LA SPEZIA. 7 GIU. Nomadi all’isola ecologica degli Stagnoni a La Spezia, il consigliere regionale Stefania Pucciarelli (Lega Nord Liguria) scrive a Prefetto e Questore: “Vanno allontanati, arrecano danno ai cittadini ed alle attività della zona”.

“Nei pressi dell’isola ecologica di via degli Stagnoni a La Spezia – spiega Pucciarelli – sostano per la maggior parte della giornata bande di nomadi rom, che importunano e fermano sistematicamente gli automobilisti diretti all’impianto di smaltimento rifiuti ingombranti per farsi consegnare il rame ed altri metalli che successivamente rivendono, ottenendone un guadagno. Il tutto abusivamente e nell’illegalità, senza il minimo rispetto delle regole e dell’ambiente.

I titolari ed i lavoratori delle attività commerciali ed imprenditoriali della zona sono esasperati dalla costante presenza dei nomadi e dell’illecità attività.
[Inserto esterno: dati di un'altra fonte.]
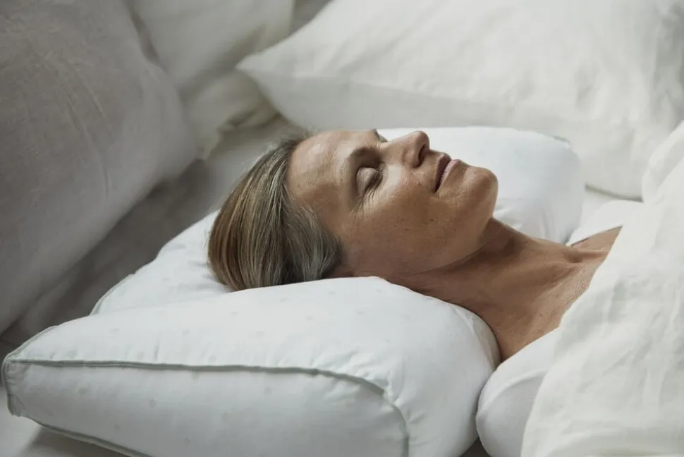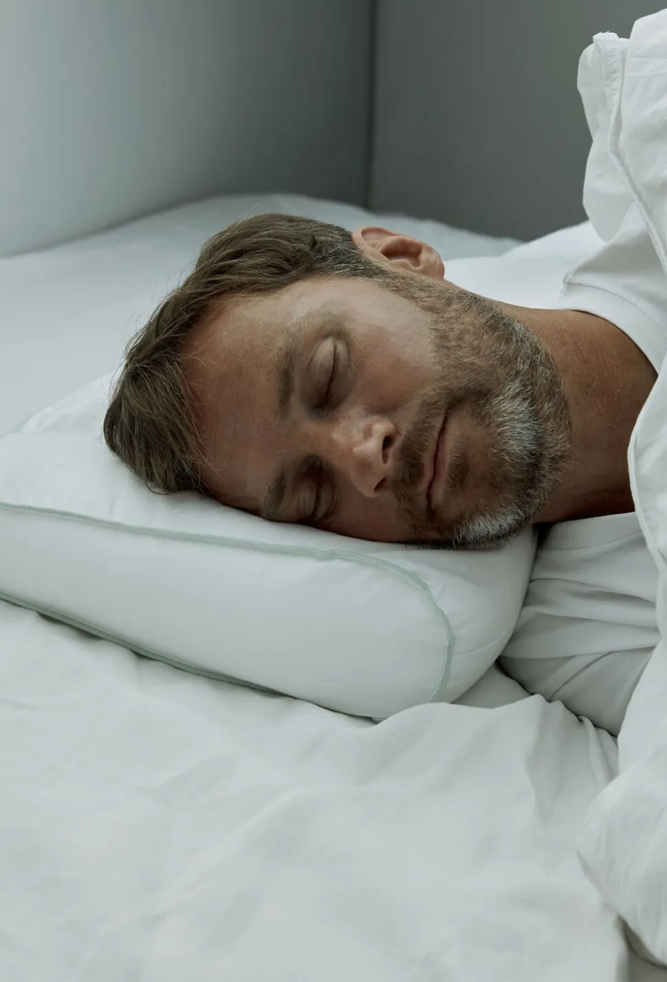 Sover du på siden, udfylder de høje sidekamre hulrummet mellem hoved og madras, mens underkanten af afrundet, så der er plads til skuldrene. Ligger du på ryggen, vil du mærke, at der er mindre fyld under baghovedet, hvilket strækker din nakke let og understøtter dens naturlige kurve.

I rom svolgono la loro attività sul posto, separando i rifiuti che possono essere riutilizzati o venduti da quelli  inutilizzabili a tale scopo. Il risultato è che gli scarti vengono abbandonati lungo la strada, senza alcun rispetto del decoro pubblico, dell’ambiente e della sicurezza altrui.

Infatti, la presenza di un gran numero di detriti sulla carreggiata, che è sotto gli occhi di tutti, può anche mettere in pericolo i veicoli in transito e causare incidenti.

La mancanza di rispetto verso i cittadini e le regole, si accompagna a molestie e violenza verbale quotidiana, senza che il Comune sia mai intervenuto con decisione.

In sostanza, si tratta di una situazione di degrado che non può più essere tollerata. Pertanto, ho scritto una missiva a tutte le Autorità competenti, riponendo particolare fiducia nell’operato del Prefetto e del Questore.

Spero in un loro intervento, visto e considerato che l’amministrazione comunale buonista del Sindaco Massimo Federici negli ultimi cinque anni ha evitato di intervenire per risolvere la situazione di intollerabile degrado ed illegalità.

Non è giusto che le attività sul territorio siano costrette ad adeguarsi a tutte le norme ed a pagare fior di tasse, mentre di fronte a loro c’è chi esercita di fatto un’attività illecita ed esentasse, peraltro godendo talvolta di privilegi e sussidi comunali”.